(Collected data entries)

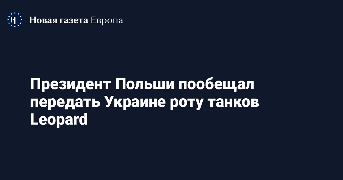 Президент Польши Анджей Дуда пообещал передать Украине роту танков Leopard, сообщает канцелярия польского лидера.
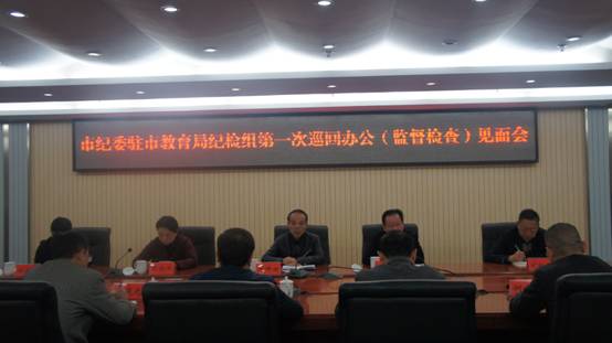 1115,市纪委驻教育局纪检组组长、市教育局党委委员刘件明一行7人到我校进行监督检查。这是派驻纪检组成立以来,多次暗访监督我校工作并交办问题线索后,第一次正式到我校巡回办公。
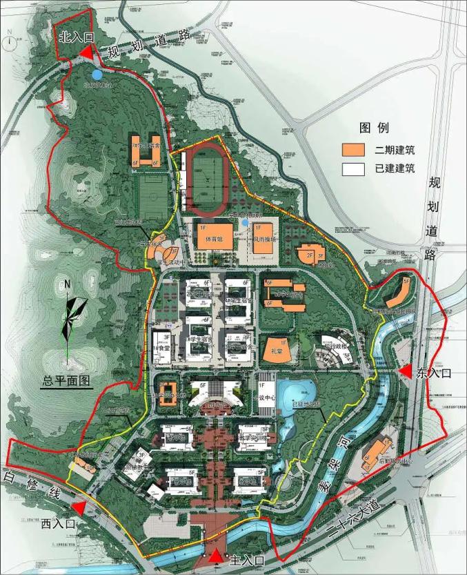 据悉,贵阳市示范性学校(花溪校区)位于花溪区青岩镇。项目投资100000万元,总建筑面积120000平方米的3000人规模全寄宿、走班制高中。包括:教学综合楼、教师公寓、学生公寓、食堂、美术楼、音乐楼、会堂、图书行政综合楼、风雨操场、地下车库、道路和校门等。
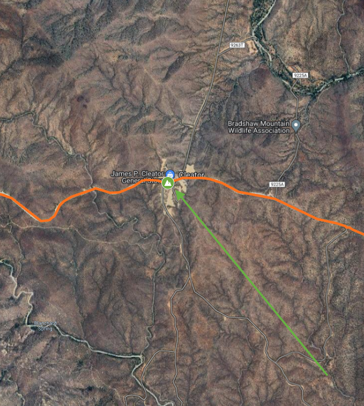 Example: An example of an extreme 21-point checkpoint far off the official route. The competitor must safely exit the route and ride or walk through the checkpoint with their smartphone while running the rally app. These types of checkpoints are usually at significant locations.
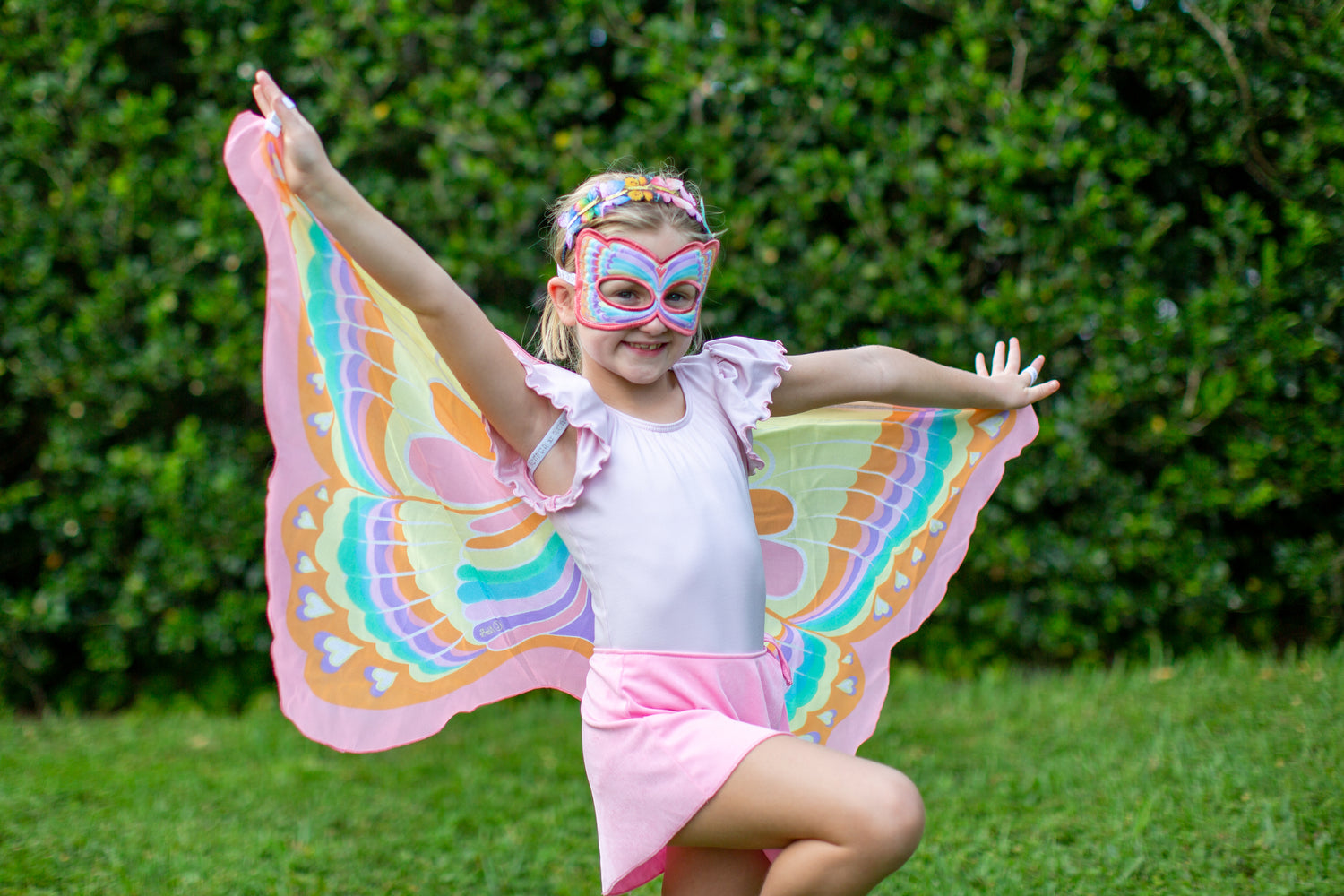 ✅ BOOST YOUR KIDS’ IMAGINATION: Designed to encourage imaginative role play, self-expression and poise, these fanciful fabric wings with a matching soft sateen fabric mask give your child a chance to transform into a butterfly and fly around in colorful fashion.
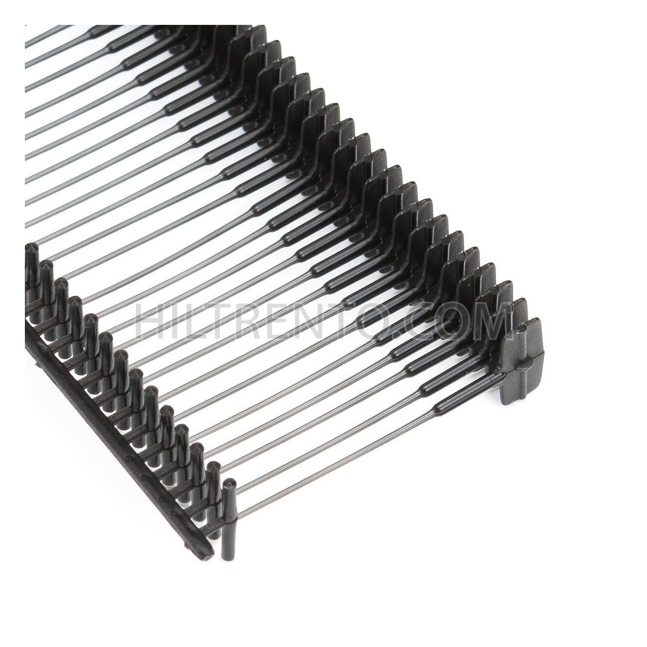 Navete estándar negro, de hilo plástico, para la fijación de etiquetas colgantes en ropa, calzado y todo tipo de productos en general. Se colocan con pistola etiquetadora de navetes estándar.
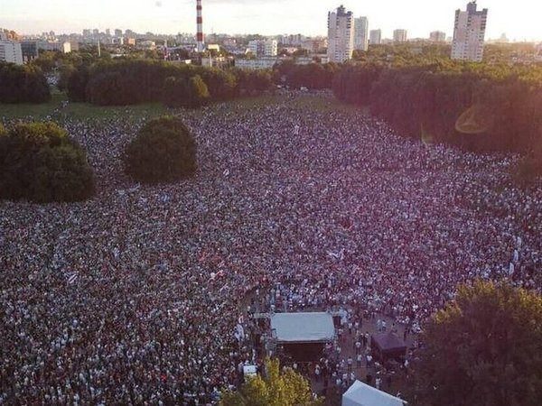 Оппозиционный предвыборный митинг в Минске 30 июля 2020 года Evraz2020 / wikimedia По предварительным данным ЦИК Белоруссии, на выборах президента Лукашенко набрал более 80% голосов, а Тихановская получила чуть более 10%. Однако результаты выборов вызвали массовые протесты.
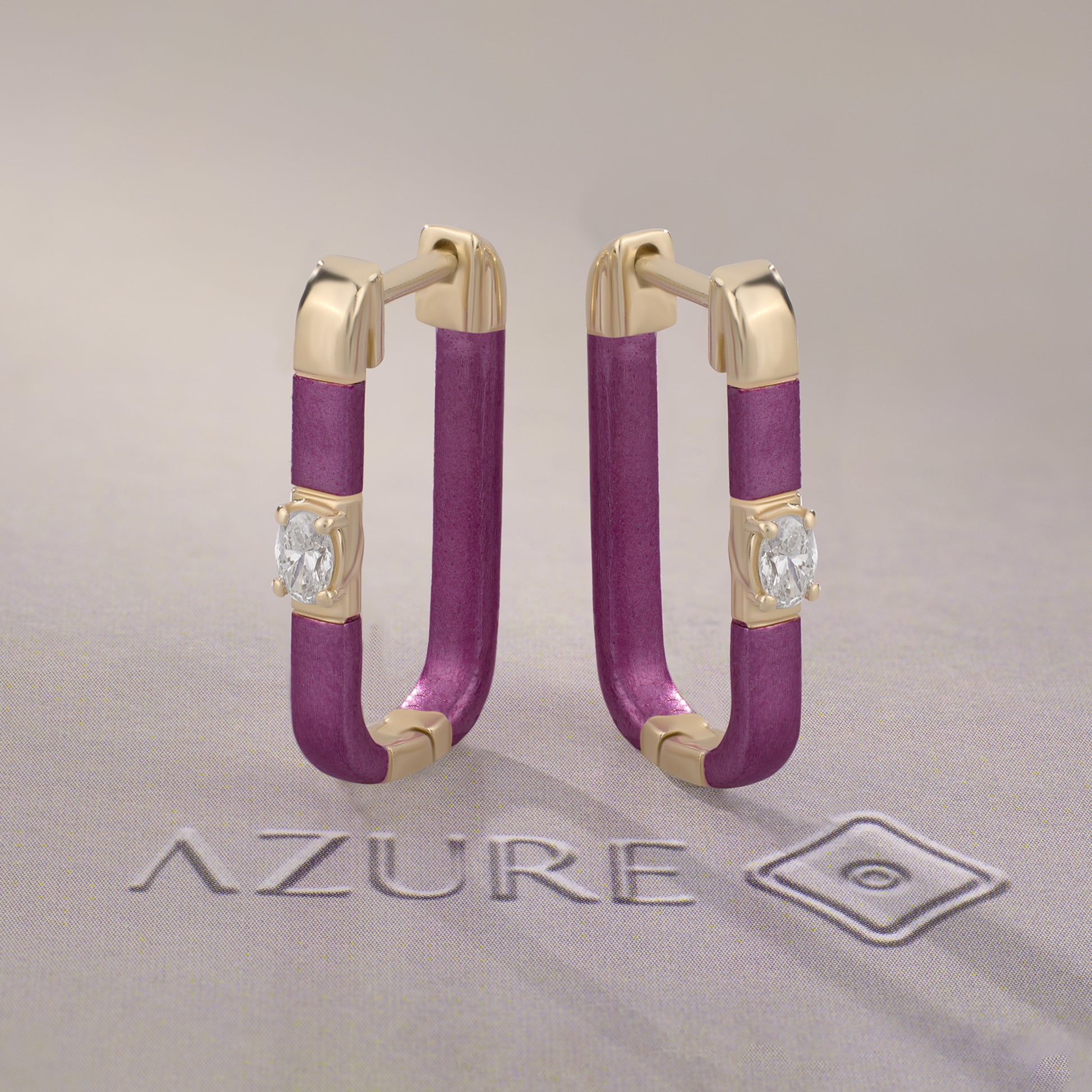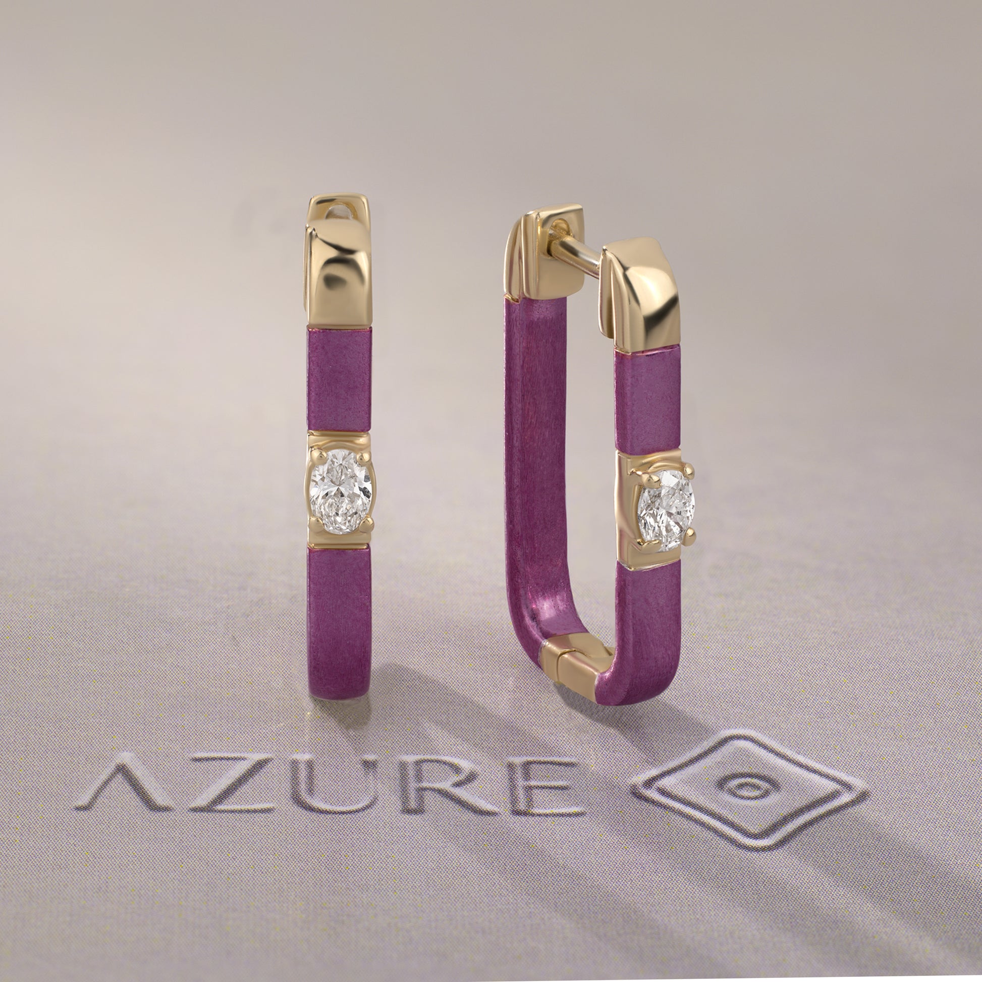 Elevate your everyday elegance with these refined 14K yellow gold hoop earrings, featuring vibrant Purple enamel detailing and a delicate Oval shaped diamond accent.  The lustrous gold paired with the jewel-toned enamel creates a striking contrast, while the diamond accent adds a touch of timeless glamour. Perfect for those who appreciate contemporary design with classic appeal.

■ Exercise objective
Take only the lines above from the one that has "1115,市纪委驻教育局纪检" through the one that has "Example: An example" and reproduce them exactly, omitting any pictures.

■ Solution for this problem
 1115,市纪委驻教育局纪检组组长、市教育局党委委员刘件明一行7人到我校进行监督检查。这是派驻纪检组成立以来,多次暗访监督我校工作并交办问题线索后,第一次正式到我校巡回办公。
 据悉,贵阳市示范性学校(花溪校区)位于花溪区青岩镇。项目投资100000万元,总建筑面积120000平方米的3000人规模全寄宿、走班制高中。包括:教学综合楼、教师公寓、学生公寓、食堂、美术楼、音乐楼、会堂、图书行政综合楼、风雨操场、地下车库、道路和校门等。
 Example: An example of an extreme 21-point checkpoint far off the official route. The competitor must safely exit the route and ride or walk through the checkpoint with their smartphone while running the rally app. These types of checkpoints are usually at significant locations.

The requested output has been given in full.